Orange is the New Black. Se non lo sapevate ora lo sapete
Parlare del carcere è un esercizio molto complicato. Spazio per buonismi sul genere “ma anche” non ce ne sono quando gli argomenti in questione sono i penitenziari e i detenuti. Per questi e per altri motivi il carcere è un argomento scarsamente trattato dalle cronache correnti. Una vera zona d’ombra della società occidentale, forse il luogo in cui con maggior forza si esprimono le contraddizioni del nostro sistema di vita. Il tema centrale di Orange is the New Black è appunto il carcere. Questa serie, lo diciamo subito, non è una di quelle che ti tolgono il fiato.
Parlare del carcere è un esercizio molto complicato. Spazio per buonismi sul genere “ma anche” non ce ne sono quando gli argomenti in questione sono i penitenziari e i detenuti. Per questi e per altri motivi il carcere è un argomento scarsamente trattato dalle cronache correnti. Una vera zona d’ombra della società occidentale, forse il luogo in cui con maggior forza si esprimono le contraddizioni del nostro sistema di vita.
Il tema centrale di Orange is the New Black è appunto il carcere. Questa serie, lo diciamo subito, non è una di quelle che ti tolgono il fiato. Non ha la raffinatezza di Mad Men, non è cool come House of Cards, non ci sono né le atmosfere apocalittiche delle zombie-series, né quelle epiche di Game of Thrones. Orange is the New Black, pur non facendo parte del pantheon della serialità televisiva, ha però un merito prezioso: parla dell’esperienza del carcere in maniera sottile e intelligente, non cedendo mai a facili retoriche. Credeteci tutto ciò non è cosa da poco.
Piper Chapman è una trentenne con la faccia simpatica, fidanzata con Larry, interpretato da Jason Biggs, lo storico e bravo protagonista della saga di American Pie. Piper è una ragazza nella media, di quelle che al primo sguardo definiremmo normali. La sua vita è stata cadenzata dalle tipiche esperienze dell’America benestante: famiglia, college, fidanzato, dieta vegetariana, qualche buona lettura e una madre rompiscatole. A questo trantran si è concessa solo una piccola divagazione, di quelle che le persone saggie perdonano al motto “sono ragazzi”. In questa sua parentesi Piper è stata lesbica e ha fatto da corriere per un trasporto di denaro proveniente dal traffico interazionale di droga…. That’s America, land that we love. Niente retroterra di disagio e sofferenza, niente storie di povertà, solo una pura e semplice sbandata, un’avventura, una curiosità. E chi non se l’è concessa nella vita.
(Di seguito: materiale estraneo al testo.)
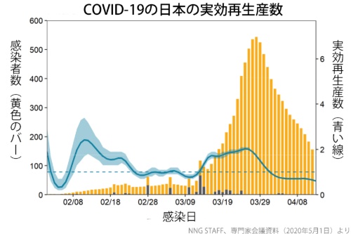パンデミックになるような感染症はR0が1以上であることは間違いなく、今、ぼくたちは「行動変容」によって、この実効再生産数を1よりも小さくすべく努力しているところである。
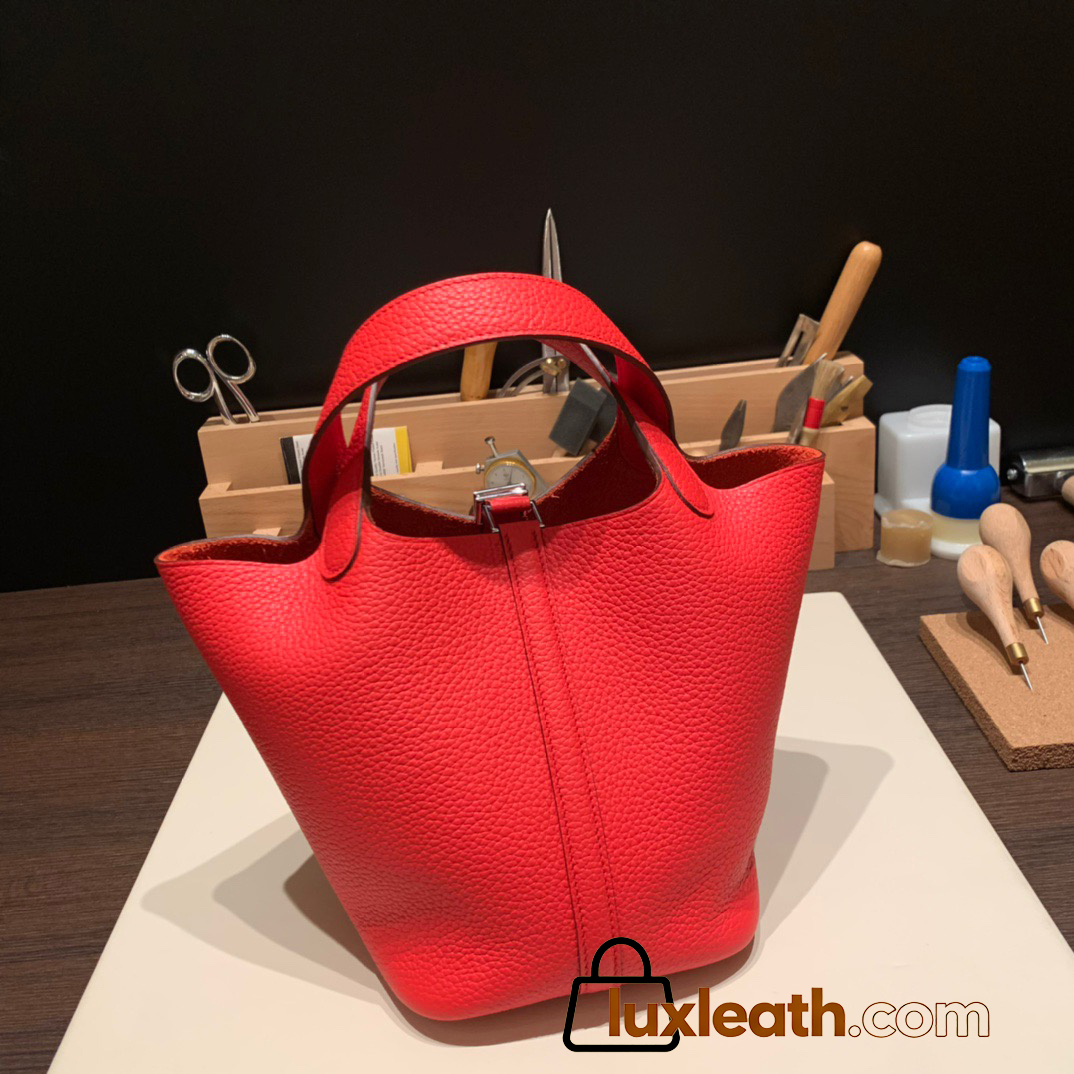 Hermes Picotin Clemence 18cm S3 /Rouge Cœur Silver Hardware
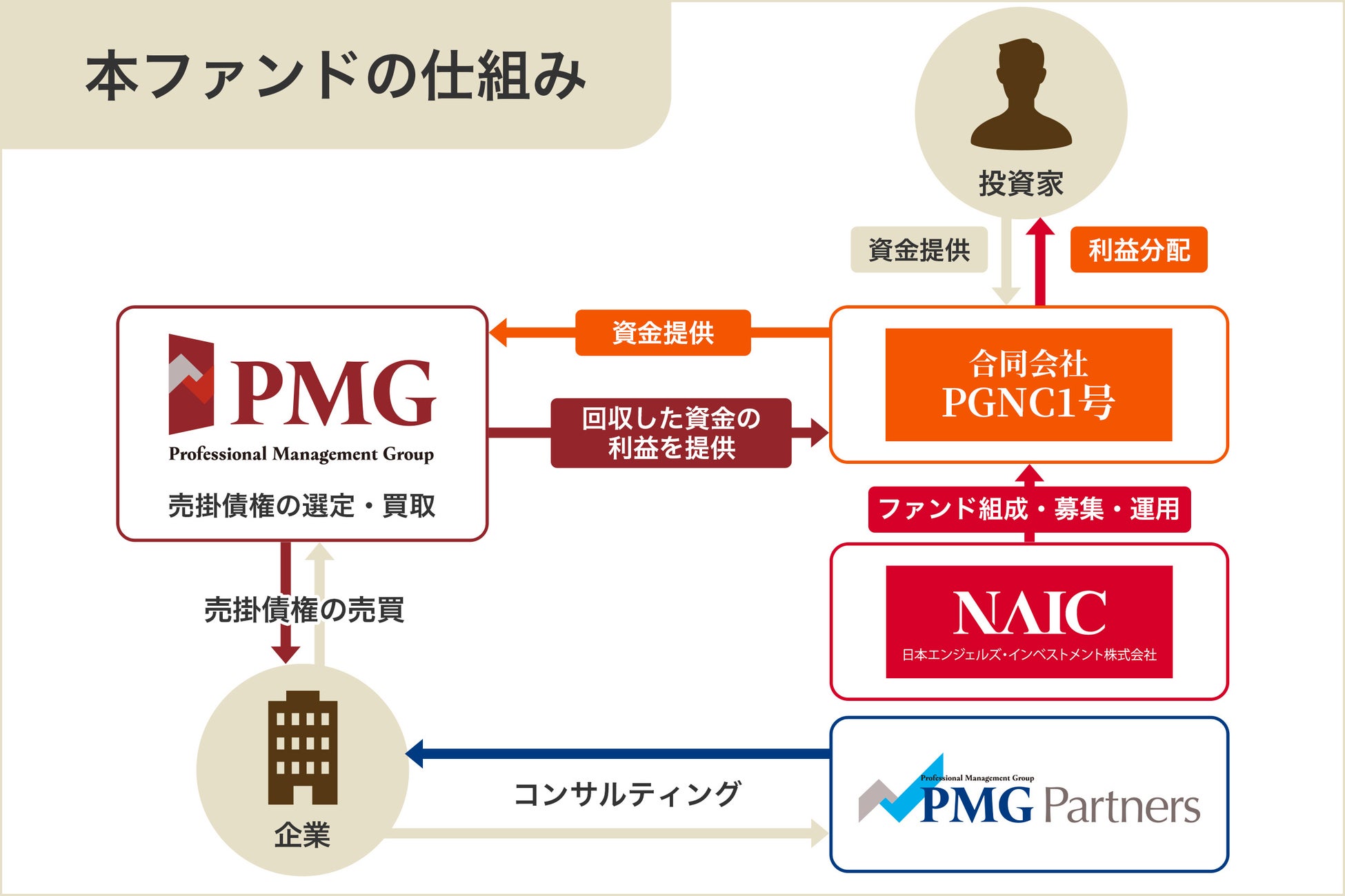 株式会社PMGホールディングス(東京都新宿区、代表取締役:佐藤 貢、以下グループを総称して「PMGグループ」という。)傘下のファクタリング事業運営会社ピーエムジー株式会社(東京都新宿区、代表取締役:佐藤 貢)は、2025年10月、日本エンジェルズ・インベストメント株式会社(東京都千代田区、代表取締役:若井 真、以下「NAIC」という。)と中小企業から買い取った売掛債権を投資対象としたファンド(以下「ファクタリングファンド」という。)「PGNC1号匿名組合ファンド」を設立したことをお知らせします。

Ed è così che dopo dieci anni, dopo essersi costruita una nuova vita, aver cambiato orientamento sessuale (no Povia non c’entra niente, tranquilli), lavoro e frequentazioni, per Piper si aprono le porte del carcere. La simpatica biondina del Connecticut si trova così catapultata nell’altra dimensione del nostro mondo libero, nel suo luogo speculare e antitetico. Orange is the New Black c’introduce pertanto nella vita di un carcere femminile, terreno ben poco esplorato nella storia dell’audiovisivo, mostrandoci il particolarissimo scenario di relazioni, spesso conflittuali, che in esso si articolano. Bianche con le bianche, nere con le nere, lesbiche con le lesbiche, detenute giovani contro quelle anziane e tutte contro il personale maschile del penitenziario. Relazioni non dissimili da quelle della società “normale”, ma che fatalmente assumono una forma e uno stile del tutto dipendenti dalle condizioni di vita uniche che cadenzano le giornate di un carcere.
Al di là della trama in sé, la mossa vincente di Orange is the New Black è la sapiente adattazione di un argomento tragico sul registro comico. A dire il vero questa serie più che ridere fa sorridere, spesso anche amaramente. Lo stato umorale che caratterizza la visione di Orange is the New Black è quello di chi sorride di sé stesso, delle proprie disgrazie e dei propri difetti. Di chi, insomma, sa riconoscere la sottile ma fondamentale differenza tra il dovere essere e l’essere, tra il senso della legge scritta nei codici e quello della vita quotidiana, tra il concetto astratto di normalità e le proprie caratteristiche specifiche. Quanto sarebbe bello alzare il telefono e chiamare quel grande filosofo francese di Foucault, l’autore del celebre “Sorvegliare e punire”, e dirgli: “ehi Michel l’hai vista l’ultima puntata di Orange is the New Black?” Chi sa che reazione avrebbe difronte a questa serie, ma purtroppo è morto nel 1984.